- What to produce:
Your output should match the listing below word for word, without any images.

- Supplied material:
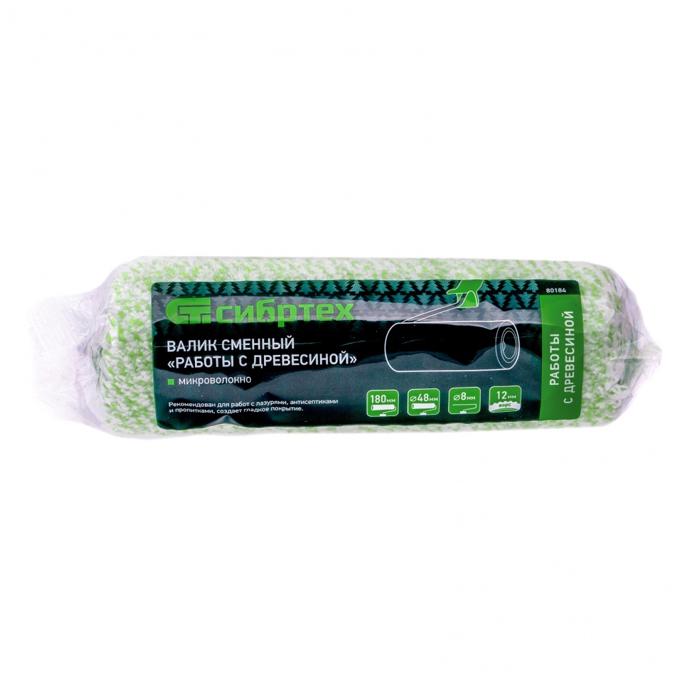 Сменный валик Сибртех «Работы с древесиной» 80184 шириной 180 мм, с ворсом 12 мм из микроволокна, диаметром 48 мм, подходит под ручку 8 мм. Он равномерно наносит на деревянный поверхности жидкие ЛКМ: антисептики, грунтовки, пропитки, защитные составы, лазурь и другие невязкие материалы. За счет ширины 180 мм валик оптимален для окрашивания больших поверхностей.ПреимуществаЭффективная работа — шубка из микроволокна отлично впитывает лакокрасочные материалы и позволяет наносить их ровным тонким слоем.Быстрая установка — валик имеет классическую конструкцию с внутренней трубкой, поэтому подготовка к работе не займет много времени.Равномерное окрашивание — шубка выполнена без швов, а ее края аккуратно острижены, поэтому валик не оставляет следов на поверхности.Высокий ресурс — термически приклеенная шубка не соскальзывает и не отслаивается от ролика, поэтому валик выдерживает многократное использование.Высокое качество — валик изготовлен с применением новейшей технологии Termofusion Coinjection.
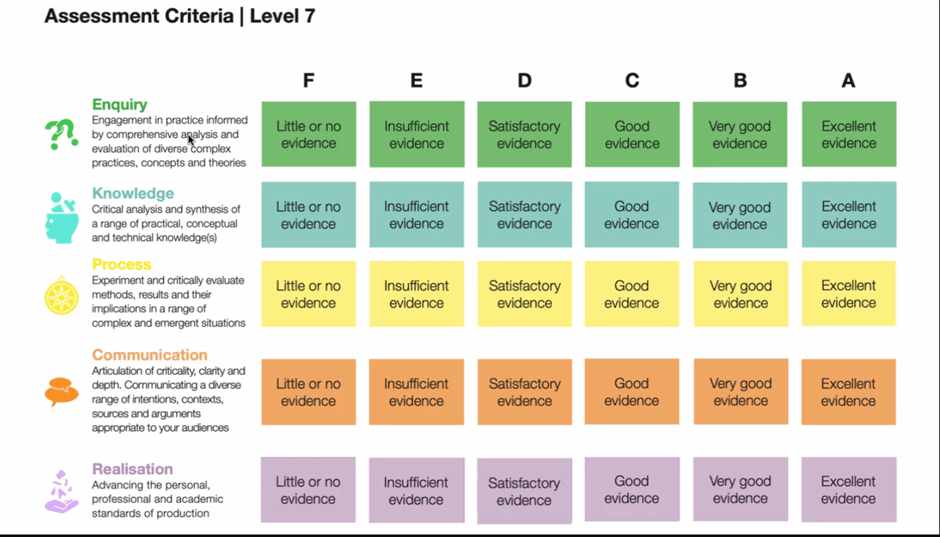 The standard assessment criteria is available online https://www.arts.ac.uk/assessment
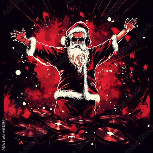 present, sticker, retro, invitation, card, seasonal, season, postcard, symbol, beard, elegance, fun, dance, party, waving, racked, sunglasses, cool, art, goggles, comic, poster, colourful, full, joy, character, decoration, cheerful, creative, december, design, greeting, happy, festive, element, gift, red, year, holiday, merry, christmas, new, celebration, santa, claus, illustration, winter, cartoon
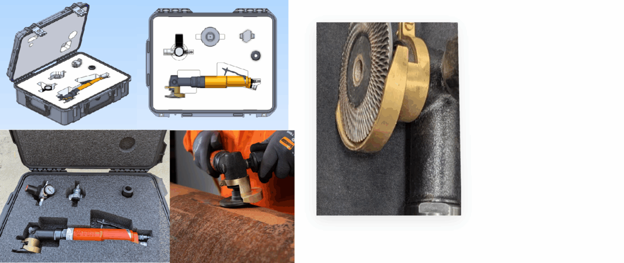 Originally called “sparkless grinder” because of its ability to perform grinding applications, but without the introduction of sparks, removing the need for hot work requirements. The tool has since been rebranded as “cold milling” to get away from the word “grinder” which indicates hot work in its name.

- Written solution:
 Сменный валик Сибртех «Работы с древесиной» 80184 шириной 180 мм, с ворсом 12 мм из микроволокна, диаметром 48 мм, подходит под ручку 8 мм. Он равномерно наносит на деревянный поверхности жидкие ЛКМ: антисептики, грунтовки, пропитки, защитные составы, лазурь и другие невязкие материалы. За счет ширины 180 мм валик оптимален для окрашивания больших поверхностей.ПреимуществаЭффективная работа — шубка из микроволокна отлично впитывает лакокрасочные материалы и позволяет наносить их ровным тонким слоем.Быстрая установка — валик имеет классическую конструкцию с внутренней трубкой, поэтому подготовка к работе не займет много времени.Равномерное окрашивание — шубка выполнена без швов, а ее края аккуратно острижены, поэтому валик не оставляет следов на поверхности.Высокий ресурс — термически приклеенная шубка не соскальзывает и не отслаивается от ролика, поэтому валик выдерживает многократное использование.Высокое качество — валик изготовлен с применением новейшей технологии Termofusion Coinjection.
 The standard assessment criteria is available online https://www.arts.ac.uk/assessment
 present, sticker, retro, invitation, card, seasonal, season, postcard, symbol, beard, elegance, fun, dance, party, waving, racked, sunglasses, cool, art, goggles, comic, poster, colourful, full, joy, character, decoration, cheerful, creative, december, design, greeting, happy, festive, element, gift, red, year, holiday, merry, christmas, new, celebration, santa, claus, illustration, winter, cartoon
 Originally called “sparkless grinder” because of its ability to perform grinding applications, but without the introduction of sparks, removing the need for hot work requirements. The tool has since been rebranded as “cold milling” to get away from the word “grinder” which indicates hot work in its name.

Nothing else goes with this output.